Michael Pagana hasn’t always been a farmer, but now he’s growing blueberries while also working his day job as a marriage therapist.

“A lot of our effectiveness in our work has to do with the strength of the relationship between counselor and client,” Pagana said.

When Pagana’s family moved in 2010, there were already 800 blueberry bushes planted in the field behind their Campbell Hall home, previously occupied by his wife’s family. However, those bushes weren’t properly taken care of for a long time, so the Paganas began working to restore the farm.

“I’m usually out here in the field doing something with the bushes or the grounds,” Pagana said.

In 2013, the family opened Halfway Acres, a “u-pick” blueberry farm. Since then, Pagana has learned more about caring for the crop with their now 3,000 blueberry bushes.

(Spectrum News 1 photo)

“We had a decent crop; however, there’s been a lack of rain,” Pagana said. “We don’t have an irrigation system in yet, and so we’re kind of dependent on nature, and whatever the sky brings.”

As a marriage therapist, part of Pagana’s job is to bring families together, which is also the family’s goal with the “u-pick” farm.

“When you share some of your most memorable moments are with food,” Pagana said.

And Pagana’s work as a farmer helps to feed people.
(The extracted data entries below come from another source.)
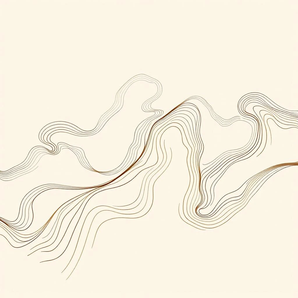 Minimalist abstract topographic line art on a soft beige background. Smooth, flowing contour lines in a warm brown tone, gently curving across the image in organic shapes. Clean and elegant layout, no labels, no shading. Modern, graphic design style suitable for wine bar branding or poster design. Sophisticated and subtle, inspired by elevation map lines but used decoratively.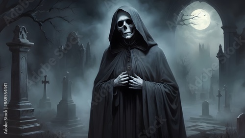 A dark-cloaked, hooded woman, resembling a vampire, stands amidst a graveyard on Halloween night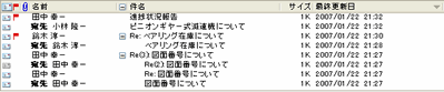この例では、グループ化されていることを表す列が[件名]列の左側に表示されます。グループ化を表す列には、ツリー表示ボタン(Windows、Linux)または三角形の展開ボタン(Mac)が、グループ化されたアイテムの横に表示されます。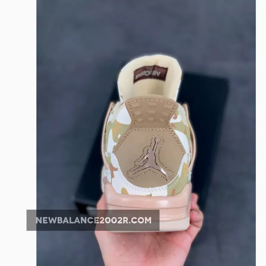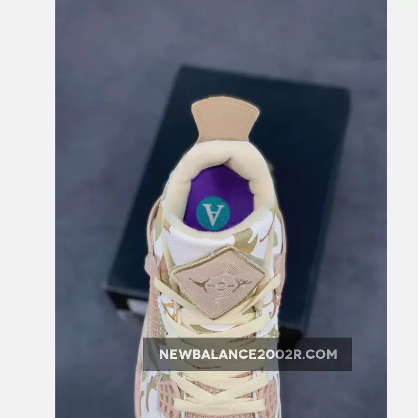 This Aleali May x Air Jordan 4 features a ripstop nylon upper fully covered in a Brown and Green camouflage print to give off a military theme. Other details includes suede midsoles and heel tabs along with a Purple quilted insole stamped with May’s “A” logo. Rounding out the design is a removable velcro “Jumpman Compass” patch replacing the standard “Flight” branding on the tongues.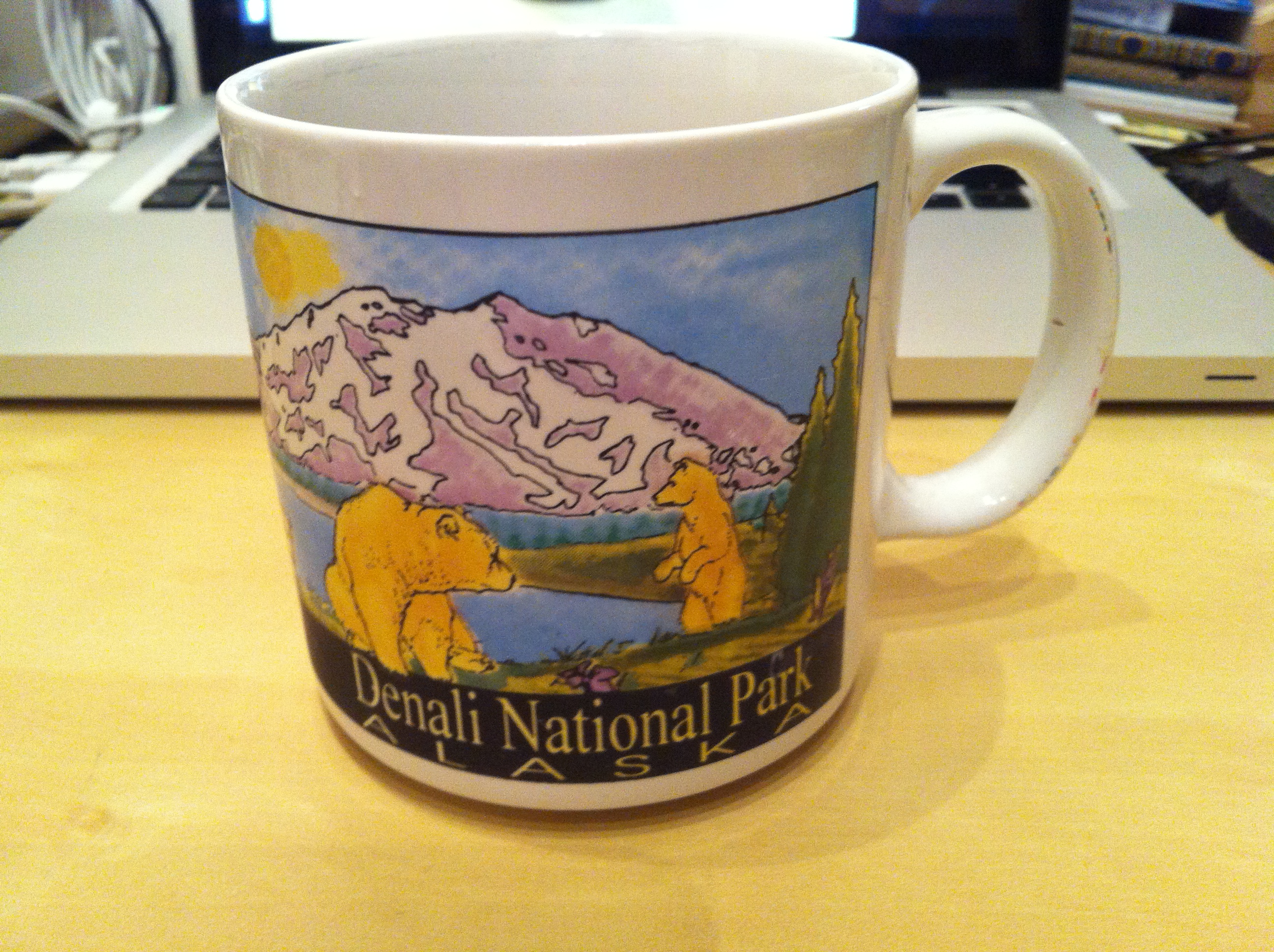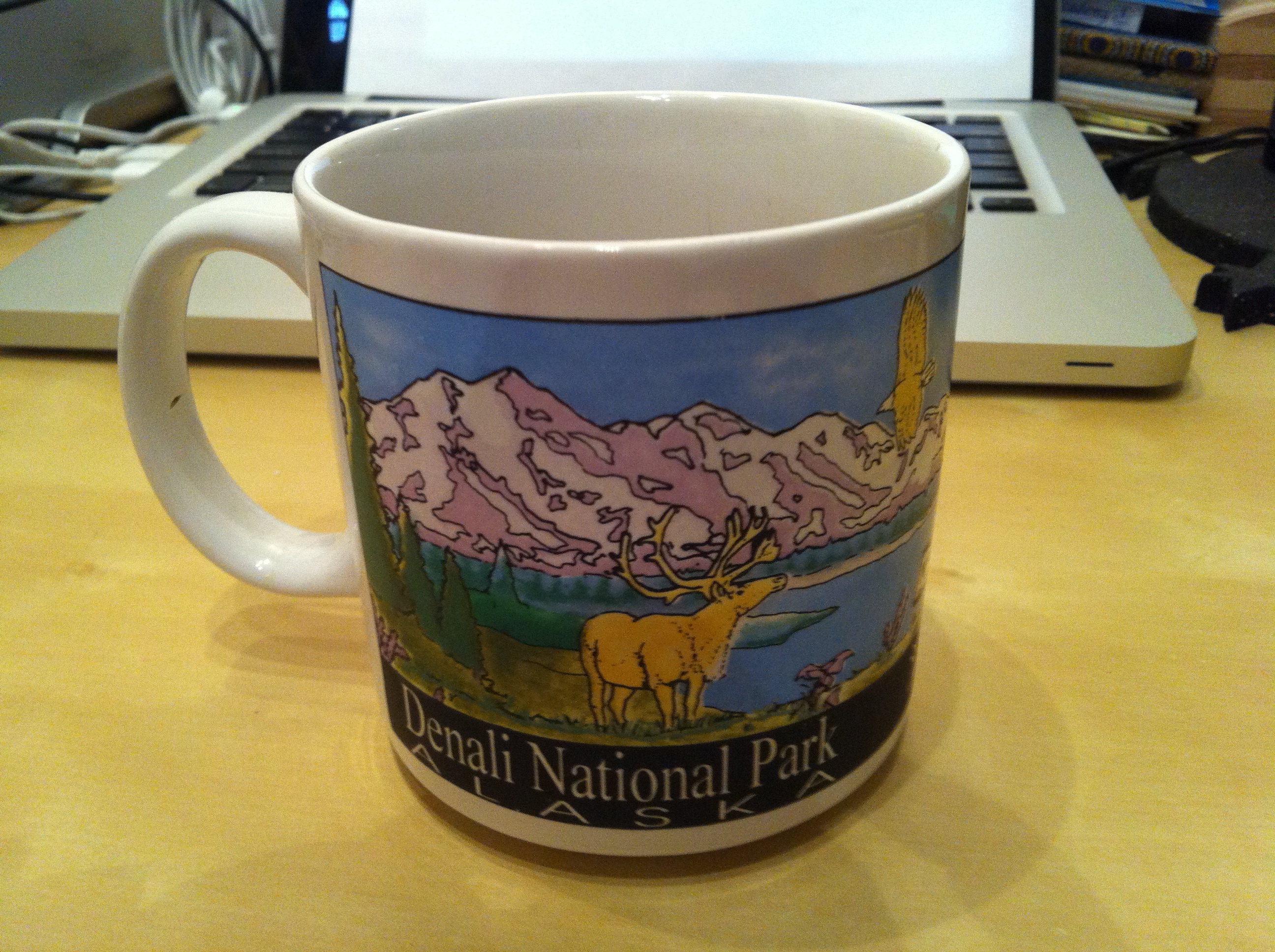 Mugs are familiar keepsakes from tourist locations and travels everywhere. I have a few, but this one is my most precious and the oldest. As shown, it comes from Denali National Park, the centre point of my 6-week road trip in 1993 from Vancouver, through Yukon and around Alaska, and back through Alberta to home. I have so many memories from that trip, and it was a major milestone event in my life – a declaration of independence, a true adventure, a unique opportunity to see the wonders of the wilderness, times with new friends and old, and a whole lot of fun. Denali Park was not an objective, but it gave my trip structure as a significant destination, and rewarded me by offering up quintessential elements of a trip into the wild – moose, bears, eagles, and of course, mosquitoes.

“Families are coming out to pick one of the most healthiest foods in the world, and they’re making memories together, and then they’re eating and they’re sharing meals, and that’s what farmers are doing,” Pagana said.

Besides enjoying each other’s company, a group of friends likes picking berries to support a local business.

“We’re just feeding into the folks that feed us, and it’s a great relationship,” said Christa Hoovler, of Deer Park.

At the end of the day, a combination of hard work, fun and collaboration makes this family business what it is.